• Raw data
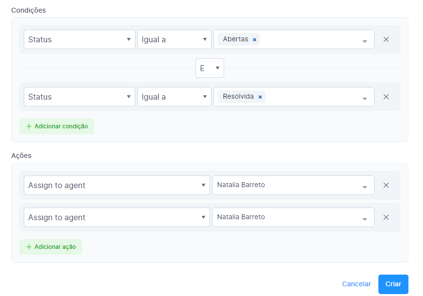 As condições são critérios que serão verificados antes da execução da ação. As condições são avaliadas na ordem em que são definidas.
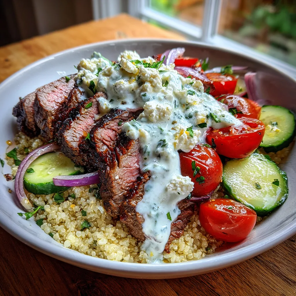 - Assemble bowls with quinoa base, topped with steak, cucumber, tomatoes, red onion, and feta.
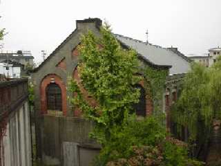 蹴上発電所の建物、うっそうとした木々に囲まれているが写真右端に導水管が見える。

• What needs to be done
Before writing out the material above, please remove its pictures; everything else stays exact.

• Task solution
 As condições são critérios que serão verificados antes da execução da ação. As condições são avaliadas na ordem em que são definidas.
 - Assemble bowls with quinoa base, topped with steak, cucumber, tomatoes, red onion, and feta.
 蹴上発電所の建物、うっそうとした木々に囲まれているが写真右端に導水管が見える。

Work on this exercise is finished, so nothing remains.